- [Given information]:

=-=-=

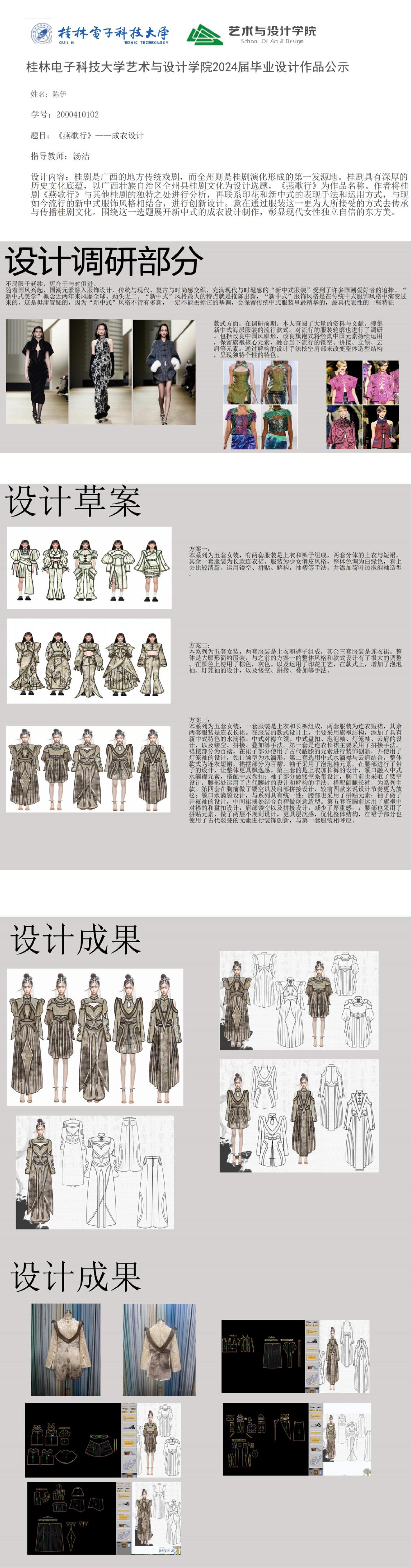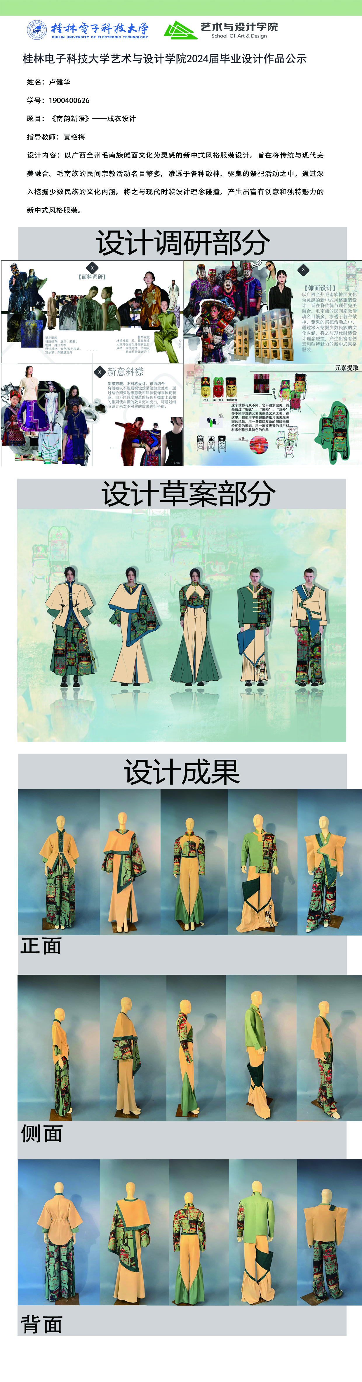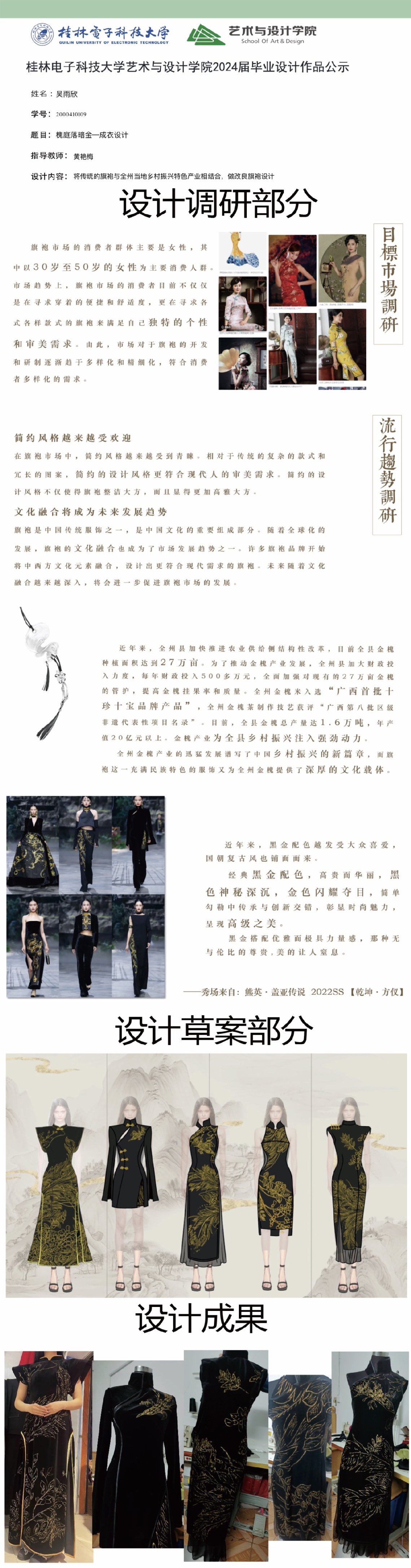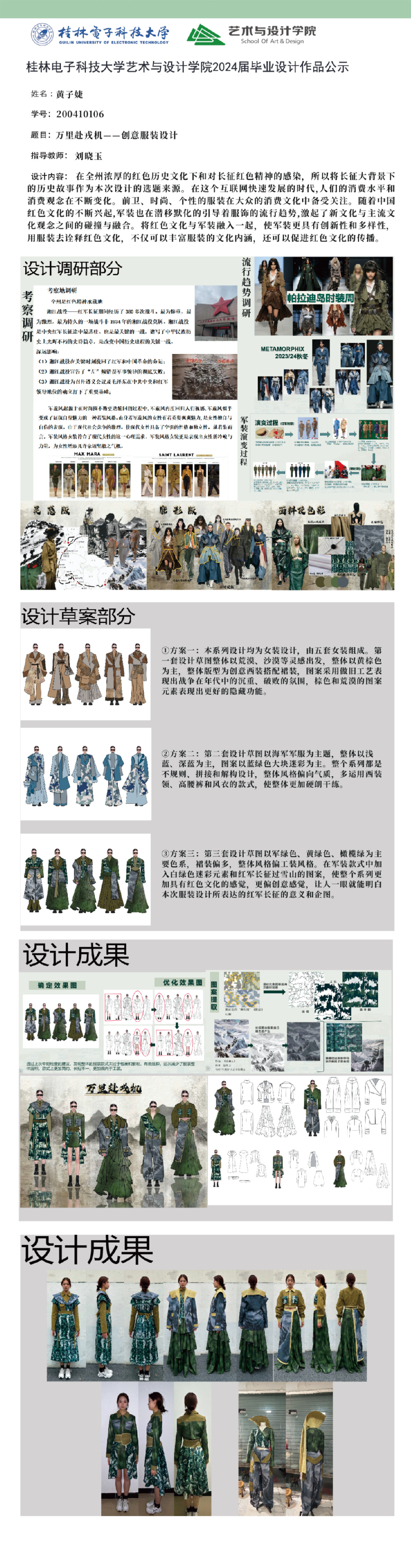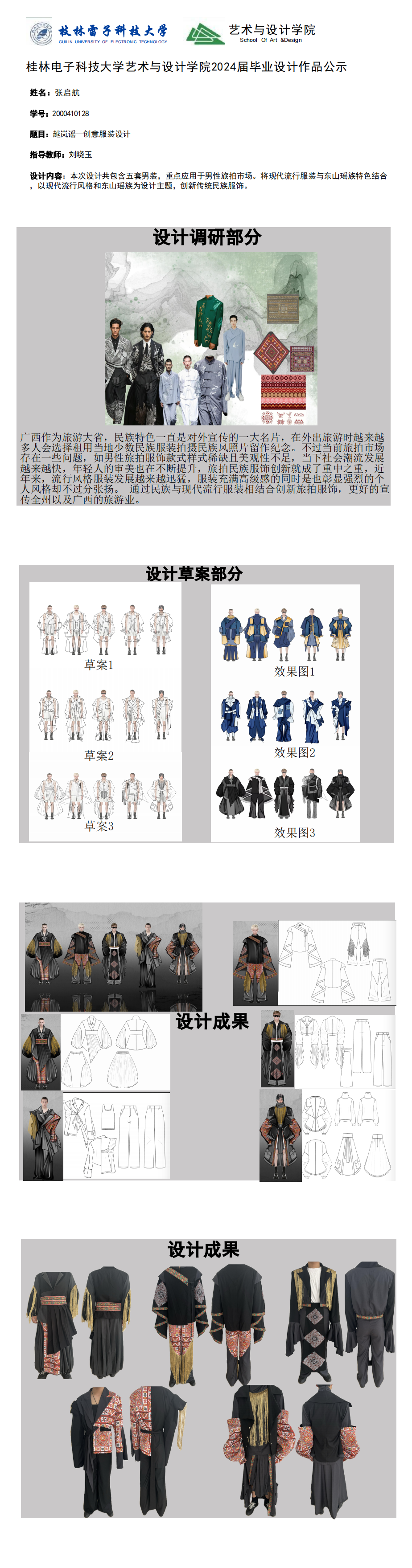 根据毕业设计管理文件规定,现将2024届服装与服饰计专业毕业设计作品进行公示。对所公示的作品如有疑议,请实名举证。公示期为三天(2024.04.25-2024.04.27)。作品公示期间的意见反馈邮箱:452660258@qq.com,联系电话:18593281965。
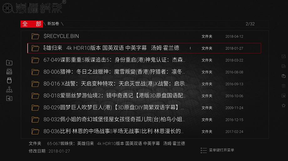 在CYZ18的开机桌面的左侧,就是海报墙入口。右侧第二个入口是常规的文件管理入口,在常规的文件管理入口,硬盘里每部影片的排序是是以文字方式上下随机的,没有分类,不便了解影片的性质。如下图:
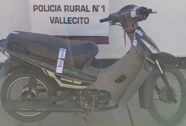 Personal de la Unidad Rural 1 de Vallecito logró secuestrar este martes una motocicleta que tenía pedido de captura por hurto calificado y detuvo a sus dos ocupantes. El hecho ocurrió durante una recorrida por la Ruta Nacional 141, a la altura de la Curva del 50.
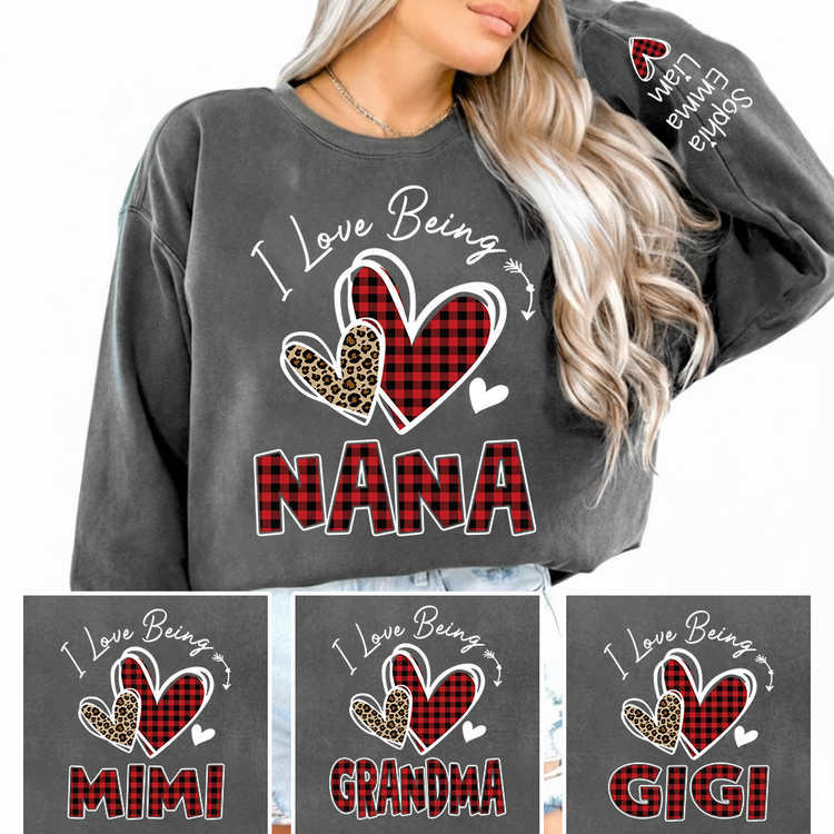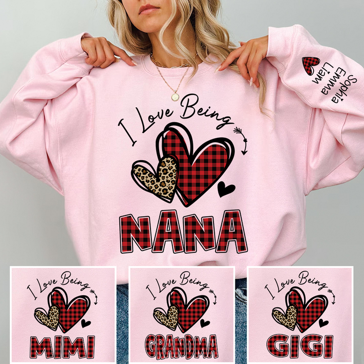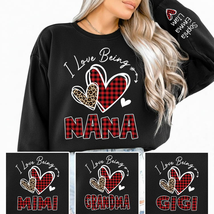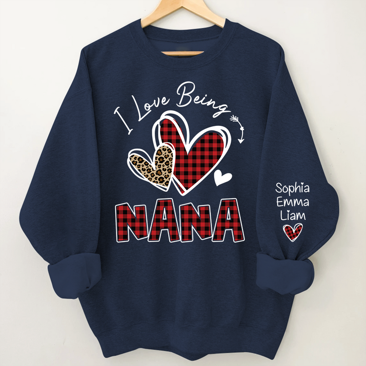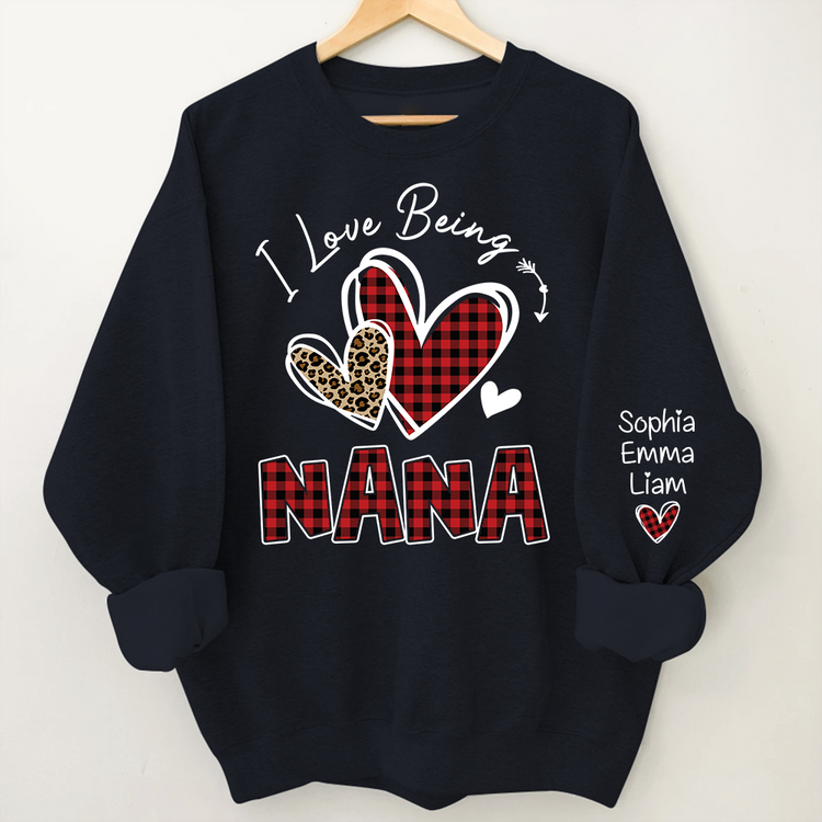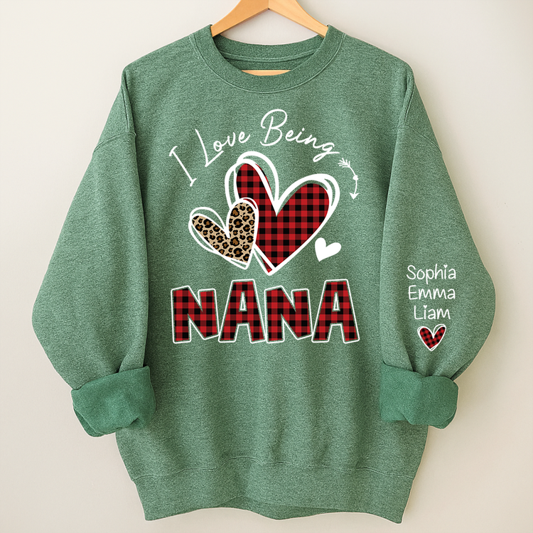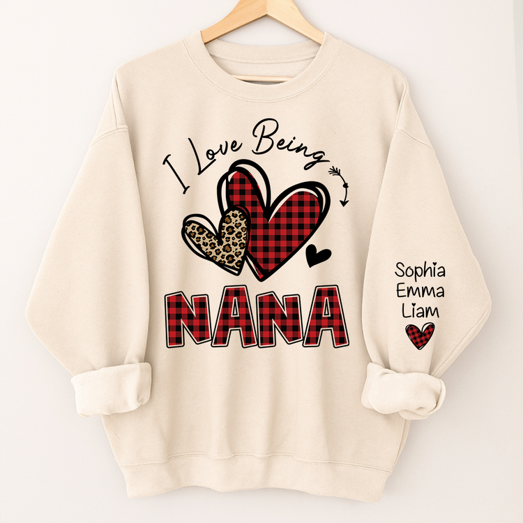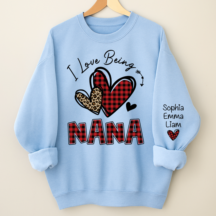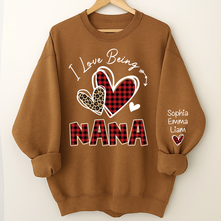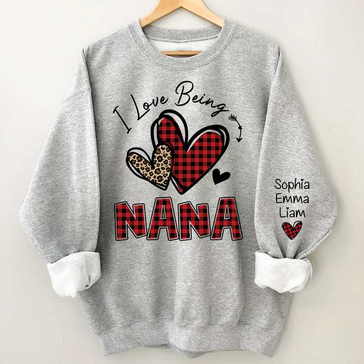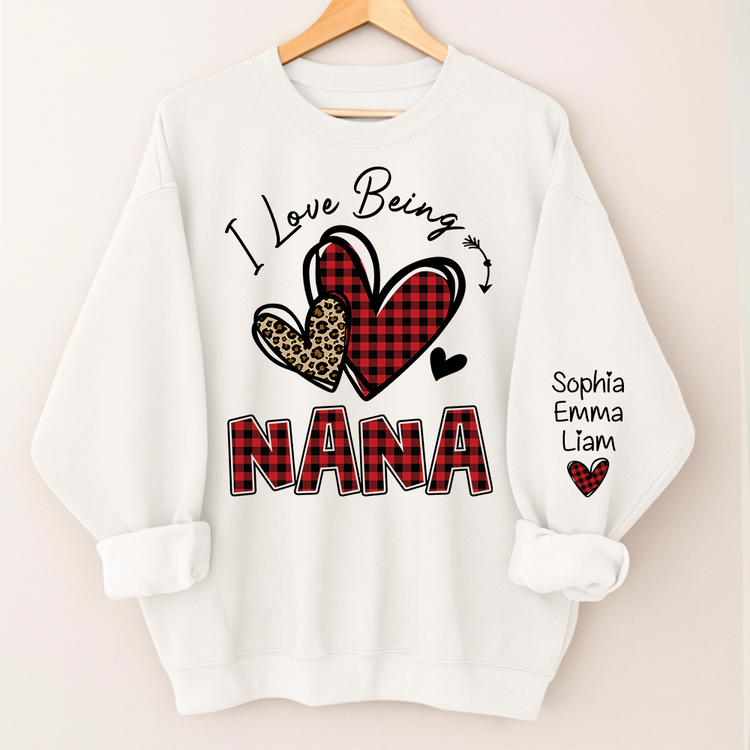Personalized “I Love Being Nana” sweatshirt with custom grandchild names printed on the sleeve for a heartfelt family touch.

=-=-=

- [What you have to do]:
Please set down each line of the listing above word for word, skipping any pictures.

- [Answer section]:
 根据毕业设计管理文件规定,现将2024届服装与服饰计专业毕业设计作品进行公示。对所公示的作品如有疑议,请实名举证。公示期为三天(2024.04.25-2024.04.27)。作品公示期间的意见反馈邮箱:452660258@qq.com,联系电话:18593281965。
 在CYZ18的开机桌面的左侧,就是海报墙入口。右侧第二个入口是常规的文件管理入口,在常规的文件管理入口,硬盘里每部影片的排序是是以文字方式上下随机的,没有分类,不便了解影片的性质。如下图:
 Personal de la Unidad Rural 1 de Vallecito logró secuestrar este martes una motocicleta que tenía pedido de captura por hurto calificado y detuvo a sus dos ocupantes. El hecho ocurrió durante una recorrida por la Ruta Nacional 141, a la altura de la Curva del 50.
Personalized “I Love Being Nana” sweatshirt with custom grandchild names printed on the sleeve for a heartfelt family touch.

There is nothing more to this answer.